Jarek Potiuk Fri, 22 May 2026 04:15:39 -0700

https://github.com/apache/airflow/pull/67322 created for airflow for this
one - I am going to upstream it to Magpie once we test it live.


On Fri, May 22, 2026 at 11:49 AM Jarek Potiuk <[email protected]> wrote:

> Good point. The idea here was to show not only the failures (which are in
> CI) but also to give the author very clear instructions on where to look
> for documentation explaining what to do and what the next steps are. It's
> not only for human authors but also for agents - if somebody tells their
> agent (if they still care), "fix #PR," the link to documentation explaining
> the issue and ways to fix it narrows the context for the agent, making it
> more likely that the issues will be fixed.
>
> And I think some of the issues you pointed out might indeed be quite
> small, but the others just a little. I think the biggest change I see can
> be done quickly is to stop listing the failed job (as you said it's all
> there already). Examples:
>
> ----
>
> @Lougarou Converting to draft — this PR doesn't yet meet our Pull Request
> quality criteria.
>
> ❌ Kubernetes tests — Failing: Kubernetes tests / K8S
> System:LocalExecutor-3.10-v1.30.13-false, Kubernetes tests / K8S
> System:KubernetesExecutor-3.10-v1.30.13-false, Kubernetes tests / K8S
> System:CeleryExecutor-3.10-v1.30.13-true, Kubernetes tests / K8S
> System:LocalExecutor-3.10-v1.30.13-true, Kubernetes tests / K8S
> System:CeleryExecutor-3.10-v1.30.13-false (+1 more). See docs.

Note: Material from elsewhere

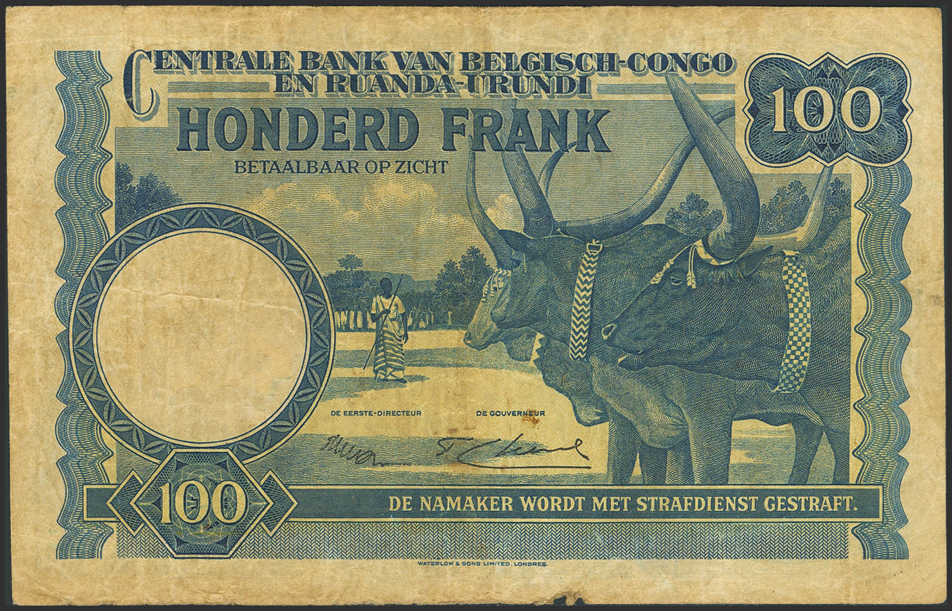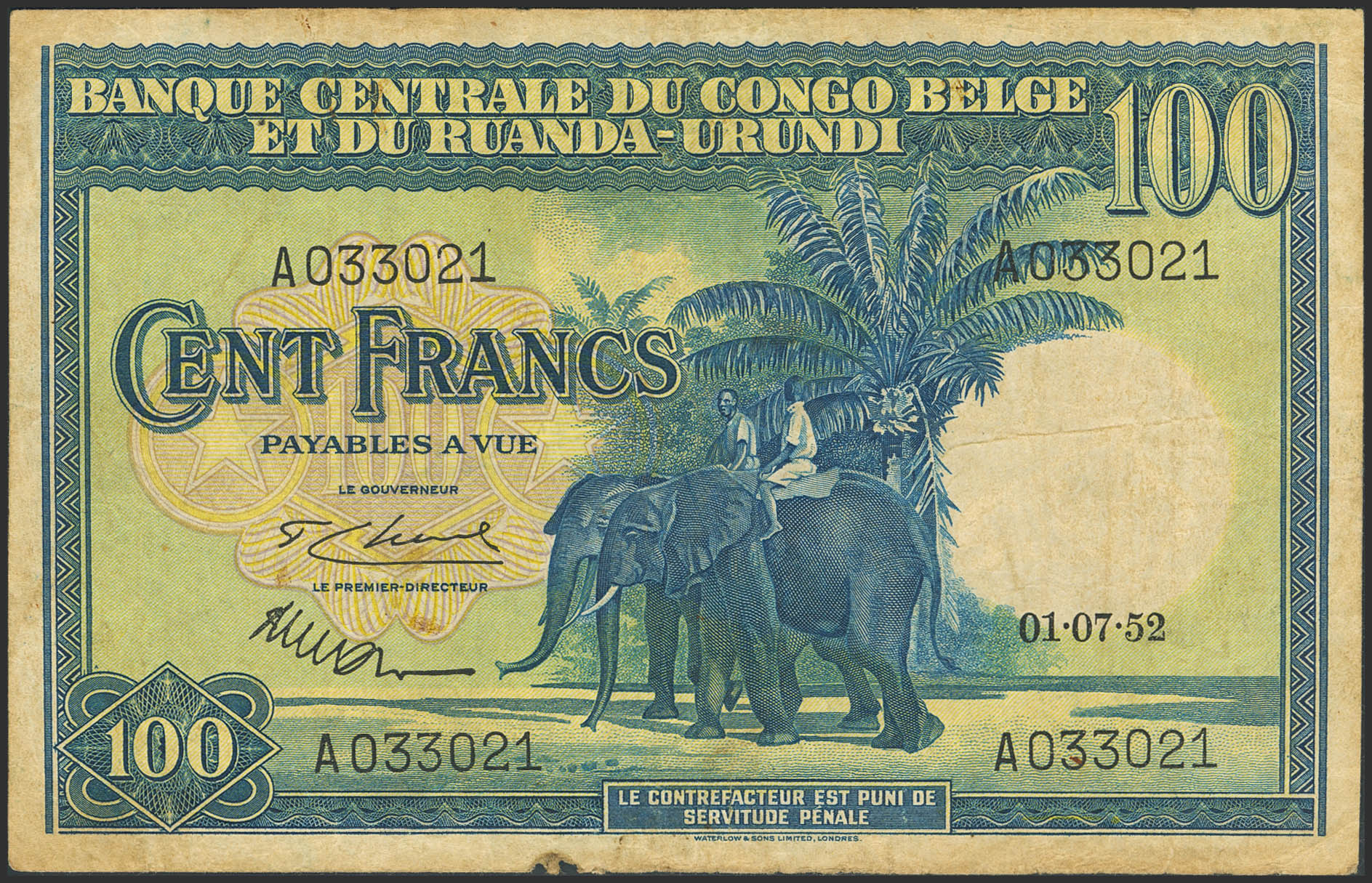 BELGIAN CONGO. 100 Francs. 1 July 1952. Banque Centrale du Congo Belge et du Ruanda-Urundi. (Pick: 25a). Nick on lower edge. More than Fine.

> ❌ Provider tests — Failing: Low dep tests: providers /
> All-prov:LowestDeps:14:3.10:cncf.kubernetes, Low dep tests: providers /
> All-prov:LowestDeps:14:3.10:amazon...apache.flink, Low dep tests: providers
> / All-prov:LowestDeps:14:3.10:google, Non-DB tests: providers /
> Non-DB-prov::3.10:amazon...google, provider distributions tests / Compat
> 3.2.1:P3.10: (+4 more). See docs.
> ❌ Other failing CI checks — Failing: Sqlite tests: core /
> DB-core:Sqlite:3.10:Always, Postgres tests: core /
> DB-core:Postgres:14:3.10:Always, MySQL tests: core /
> DB-core:MySQL:8.0:3.10:Always, MyPy providers checks. See docs.

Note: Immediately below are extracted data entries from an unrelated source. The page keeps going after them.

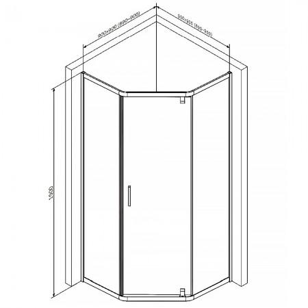 W90UG-405-090MT Душ. кабіна Gem 5-corner Pivot 90x90 скло прозоре,хром, без піддону (1 сорт)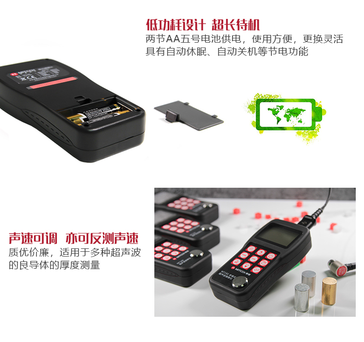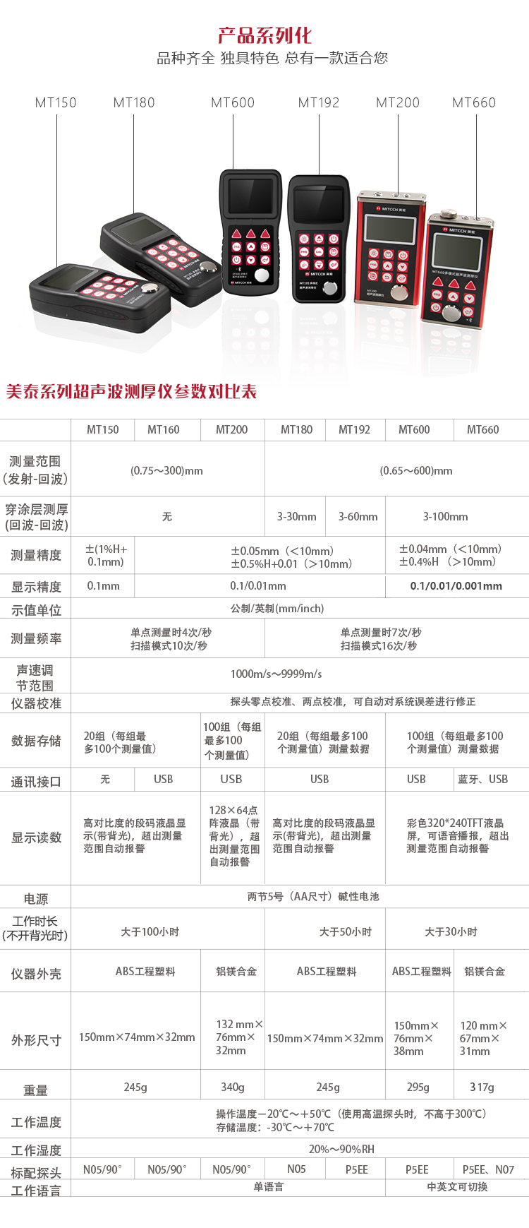 | 美泰系列超聲波測厚儀,均采用低功耗設(shè)計理念,超長待機(jī),MT150/MT160/MT200/MT180/MT192/MT280/MT600/MT660均由兩節(jié)AA五號電池供電、更換方便。 | |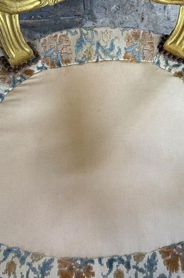 ![]() 豪華なブルージャガード生地張りとゴールドフレームのルイ15世アンティークソファです。 | ![]() ロココ調フレームは背もたれからアームの先まで流れる曲線を描いています。 | ||||||||||||||

> ❌ Pre-commit / static checks — Failing: CI image checks / Static checks.
> See docs.
> Note: Your branch is 207 commits behind main. Please rebase and push again
> to get up-to-date CI results.
>
> See the linked criteria for how to fix each item, then mark the PR "Ready
> for review". This is not a rejection — just an invitation to bring the PR
> up to standard. No rush.
>
> Note: This comment was drafted by an AI-assisted triage tool and may
> contain mistakes. Once you have addressed the points above, an Apache
> Airflow maintainer — a real person — will take the next look at your PR. We
> use this two-stage triage process so that our maintainers' limited time is
> spent where it matters most: the conversation with you.
>
> Drafted-by: Claude Code (Opus 4.7); reviewed by @potiuk before posting
> -----
>
> That one will be **way** smaller if we do not list which jobs failed.
>
> ---
>
> @Sanskar121543 A few things need addressing before review — see our Pull
> Request quality criteria.
>
> Issues found:
>
> ❌ Pre-commit / static checks: CI image checks / Static checks is failing.
> Run prek run --from-ref main --stage pre-commit locally and fix anything
> that flags. See the static-checks docs.
> What to do next:
>
> Push a fix for the static-check failure.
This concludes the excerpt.